Когда Наташа привычным движением отворила его дверь, пропуская вперед себя княжну, княжна Марья чувствовала уже в горле своем готовые рыданья. Сколько она ни готовилась, ни старалась успокоиться, она знала, что не в силах будет без слез увидать его.
Княжна Марья понимала то, что разумела Наташа словами: сним случилось это два дня тому назад. Она понимала, что это означало то, что он вдруг смягчился, и что смягчение, умиление эти были признаками смерти. Она, подходя к двери, уже видела в воображении своем то лицо Андрюши, которое она знала с детства, нежное, кроткое, умиленное, которое так редко бывало у него и потому так сильно всегда на нее действовало. Она знала, что он скажет ей тихие, нежные слова, как те, которые сказал ей отец перед смертью, и что она не вынесет этого и разрыдается над ним. Но, рано ли, поздно ли, это должно было быть, и она вошла в комнату. Рыдания все ближе и ближе подступали ей к горлу, в то время как она своими близорукими глазами яснее и яснее различала его форму и отыскивала его черты, и вот она увидала его лицо и встретилась с ним взглядом.

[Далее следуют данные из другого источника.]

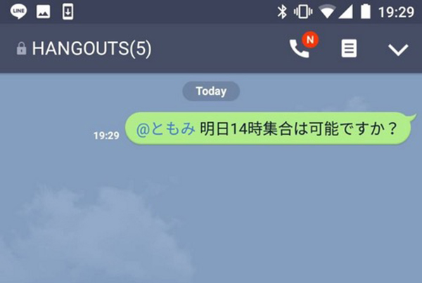 今回のアップデートでは、複数の新機能を搭載。複数人のトークルーム・グループトークルームでの新機能としては、参加メンバーを指定してメッセージを送れば、テキストに青文字で「@友だちの名前」表記され、分かりやすくなるメンション機能が加わった。これにより、多くのメッセージが飛び交う大勢でのトークでも、誰宛のメッセージかひと目で分かるようになった。

Он лежал на диване, обложенный подушками, в меховом беличьем халате. Он был худ и бледен. Одна худая, прозрачно белая рука его держала платок, другою он, тихими движениями пальцев, трогал тонкие отросшие усы. Глаза его смотрели на входивших.
Увидав его лицо и встретившись с ним взглядом, княжна Марья вдруг умерила быстроту своего шага и почувствовала, что слезы вдруг пересохли и рыдания остановились. Уловив выражение его лица и взгляда, она вдруг оробела и почувствовала себя виноватой.
«Да в чем же я виновата?» – спросила она себя. «В том, что живешь и думаешь о живом, а я!..» – отвечал его холодный, строгий взгляд.
В глубоком, не из себя, но в себя смотревшем взгляде была почти враждебность, когда он медленно оглянул сестру и Наташу.
Он поцеловался с сестрой рука в руку, по их привычке.
– Здравствуй, Мари, как это ты добралась? – сказал он голосом таким же ровным и чуждым, каким был его взгляд. Ежели бы он завизжал отчаянным криком, то этот крик менее бы ужаснул княжну Марью, чем звук этого голоса.
– И Николушку привезла? – сказал он также ровно и медленно и с очевидным усилием воспоминанья.
– Как твое здоровье теперь? – говорила княжна Марья, сама удивляясь тому, что она говорила.
– Это, мой друг, у доктора спрашивать надо, – сказал он, и, видимо сделав еще усилие, чтобы быть ласковым, он сказал одним ртом (видно было, что он вовсе не думал того, что говорил): – Merci, chere amie, d'etre venue. [Спасибо, милый друг, что приехала.]
Княжна Марья пожала его руку. Он чуть заметно поморщился от пожатия ее руки. Он молчал, и она не знала, что говорить. Она поняла то, что случилось с ним за два дня. В словах, в тоне его, в особенности во взгляде этом – холодном, почти враждебном взгляде – чувствовалась страшная для живого человека отчужденность от всего мирского. Он, видимо, с трудом понимал теперь все живое; но вместе с тем чувствовалось, что он не понимал живого не потому, чтобы он был лишен силы понимания, но потому, что он понимал что то другое, такое, чего не понимали и не могли понять живые и что поглощало его всего.
– Да, вот как странно судьба свела нас! – сказал он, прерывая молчание и указывая на Наташу. – Она все ходит за мной.
Княжна Марья слушала и не понимала того, что он говорил. Он, чуткий, нежный князь Андрей, как мог он говорить это при той, которую он любил и которая его любила! Ежели бы он думал жить, то не таким холодно оскорбительным тоном он сказал бы это. Ежели бы он не знал, что умрет, то как же ему не жалко было ее, как он мог при ней говорить это! Одно объяснение только могло быть этому, это то, что ему было все равно, и все равно оттого, что что то другое, важнейшее, было открыто ему.